Dock 2 is identified in the Historic Ships and Boats Strategy as the preferred site to host land-based historic vessels such as the City of Adelaide clipper ship and the schooner Nelcebee.
The strategy is being released today to coincide with the 30th anniversary of the One & All — the iconic purpose-built sailing ship operated by volunteers.
The strategy sets out a plan for preserving and celebrating the unique maritime heritage of Port Adelaide and makes a series of recommendations, including that existing water-based vessels, such as the One & All and the Falie, should remain at their location at McLarens Wharf.
Work on a master plan will now begin in consultation with key stakeholders.
The Historic Ships and Boats Strategy records the current condition and status of each vessel and considers matters such as preferred locations, as well as maximising opportunities for tourism at Port Adelaide.
The strategy through extensive consultation with key stakeholders, including the vessel owners, operators and volunteers, the National Trust, the SA Maritime Museum, Government departments and the City of Port Adelaide Enfield.
Some members of these groups were also part of a project reference group, which assisted in evaluating and analysing material to inform the proposed strategy.

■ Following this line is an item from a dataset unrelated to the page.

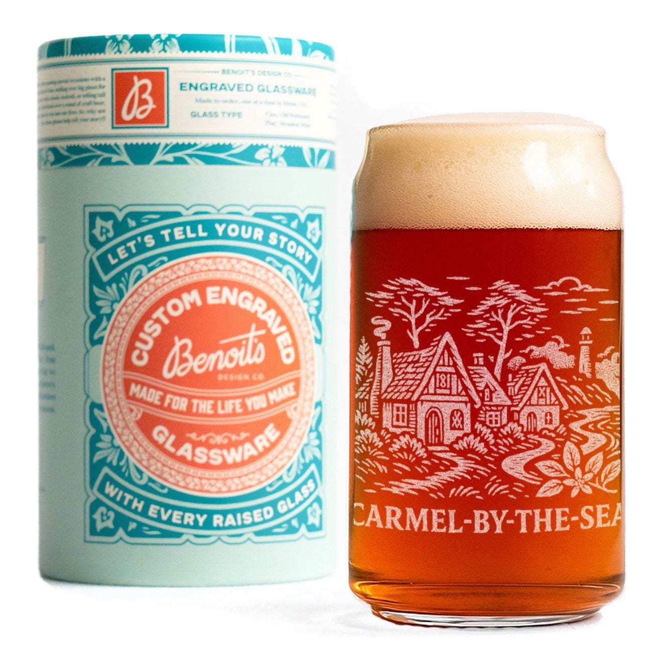 Capture the storybook charm and coastal beauty of Carmel-by-the-Sea with this finely engraved glass. Featuring wind-shaped cypress trees, rolling dunes, rocky shoreline, and the quiet curve of the Pacific horizon, this design reflects the peaceful elegance of one of California’s most beloved seaside towns. Etched in a vintage-inspired style, the artwork evokes misty mornings, sunlit beaches, and the fairytale architecture that makes Carmel feel both refined and wonderfully whimsical.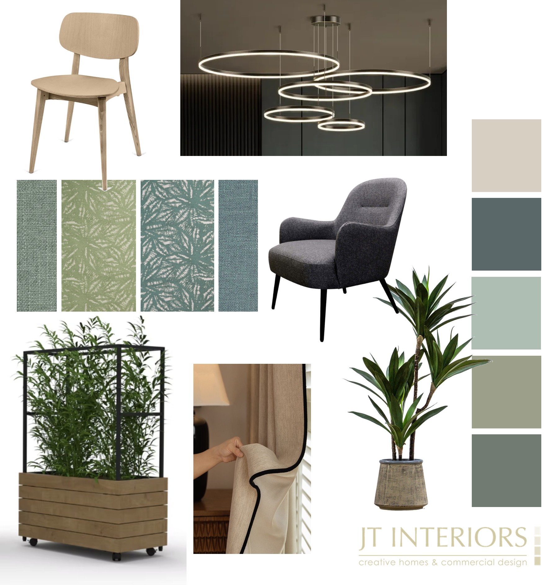 It’s true, the room had many thoroughfares. The mobile planters will also entrances to be disguised a little or seating areas to be shielded from the comings and goings. We added wall paper and texture wood panelling on the feature wall to give the room more depth and create a softer feel that simple painted walls. We also added simple, neutral full length curtains to soften the scheme – these don’t detract from the view beyond in the day, and in the evening they seamlessly blend in with the walls – with LED downlights above to give them a warm glow.

The South Australian Government owns the One and All, which was purpose-built by volunteers as a sail training ship.
It was supported by corporate donations and was commissioned in 1987, as part of the State’s 150-year anniversary celebrations.

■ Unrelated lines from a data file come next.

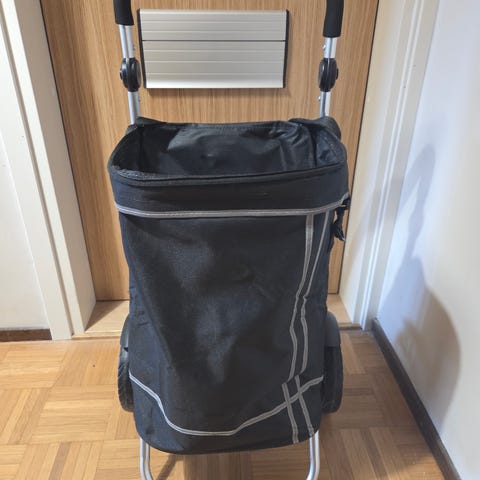 Vedettävä ostos kärry, kerran käytetty hyvä veto kärry. Isot pyörät, ja viisi taskua.
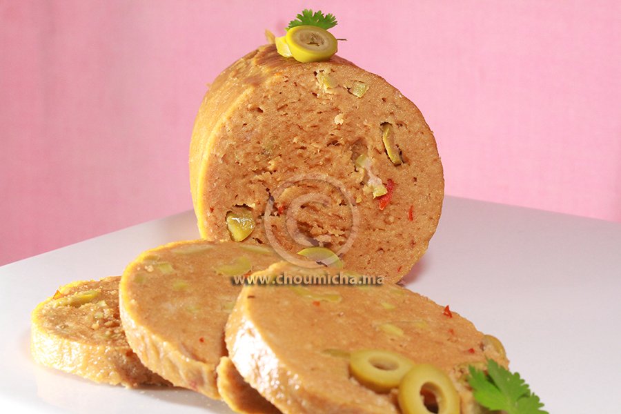 - في خلاط كهربائي، يخلط اللحم المفروم مع باقي المكونات، ما عدا الزيتون، للحصول على خليط لين ومتجانس.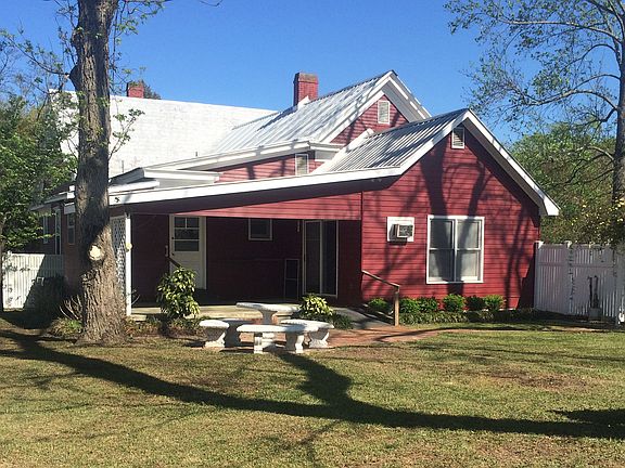 1891 Gabled Cottage with Bay Window Front Bedroom. Numerous updates & renovations. 3 spacious bedrooms with 2 full baths (handicap features). Shining floors (Oak/Pine/Tile) 12 foot ceilings throughout ; Modern kitchen w appliances, fenced private back yard with area behind for gardening or extended outdoor use. Numerous additional buildings on property including work space and covered carport w/storage space; Bonus room off covered back porch and landscaped brick backyard area with concrete benches/table/sm fountains. vented heating / air; move in ready in Historic neighborhood surrounded by other historic homes.
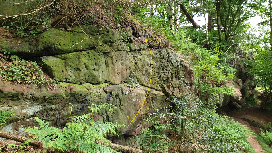 | 1 | Sharp Pocket Wall | 4 | The small buttress at the western approach just before the main rocks (left end facing in). Sit downstart below the small alcove roof, pull directly over the roof using sharp pockets to large finishing pocket. |

Last year the State Government increased funding to secure the future of these important vessels in Port Adelaide, providing more than $3 million over five years.
Quotes attributable to
Housing and Urban Development Minister Stephen Mullighan
It’s a great pleasure to be releasing the Historic Ships and Boats Strategy on a day when we are celebrating a milestone for one of the Port’s most iconic ships, the One & All.

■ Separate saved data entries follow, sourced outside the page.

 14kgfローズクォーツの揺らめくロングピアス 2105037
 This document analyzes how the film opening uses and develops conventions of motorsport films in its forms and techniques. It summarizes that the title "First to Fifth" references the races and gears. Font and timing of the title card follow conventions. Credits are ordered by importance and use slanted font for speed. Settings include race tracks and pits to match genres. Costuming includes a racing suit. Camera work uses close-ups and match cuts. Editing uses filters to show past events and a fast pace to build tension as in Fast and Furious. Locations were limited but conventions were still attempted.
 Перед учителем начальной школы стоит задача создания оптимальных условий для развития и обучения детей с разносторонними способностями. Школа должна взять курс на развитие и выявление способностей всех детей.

The strategy is a vital tool in safeguarding the rich maritime history of the Port Adelaide district.
It sets out a clear path forward for the preservation and management of these historic resources to ensure the public can continue to enjoy them and to further develop them as drawcards for Port Adelaide.
It will ensure that during this period of growth, the unique maritime history of our Port is not only preserved but also embraced and celebrated.
Member for Port Adelaide Susan Close
A coordinated approach will maximise the opportunities and benefits of these unique tourism offerings for the vessel operators and the Port Adelaide centre as a whole.
The Port is a unique part of South Australia and this is a unique opportunity to shape the future of this important historical precinct.
The State Government has actively engaged with key stakeholders of these historically important vessels and developed a proposed strategy.
Friends of the One & All Sailing Ship Spokesperson Alan Burgess
It is wonderful to be celebrating this milestone for the One & All with a berth in the port and a role in the new heritage precinct that will bring people to participate in attractive and worthwhile experiences in this historic area.
The One & All provides unique sailing and adventure learning experiences that can help the development of life skills for all young people and has particular benefits for people from disadvantaged backgrounds.
The One & All is a living example of our State’s rich maritime history.
City of Adelaide Clipper Ship Director Peter Christopher
The development of a proposed maritime precinct within Port Adelaide’s inner harbour will provide a significant tourism drawcard.
The 1864 clipper ship City of Adelaide, together with other historic vessels, coming together in a central and accessible location, can tell an important story to young and old, as part of living history.
The City of Adelaide has international significance, being one of only two remaining composite clipper ships in the world today, the other being the famous, but younger, Cutty Sark in London.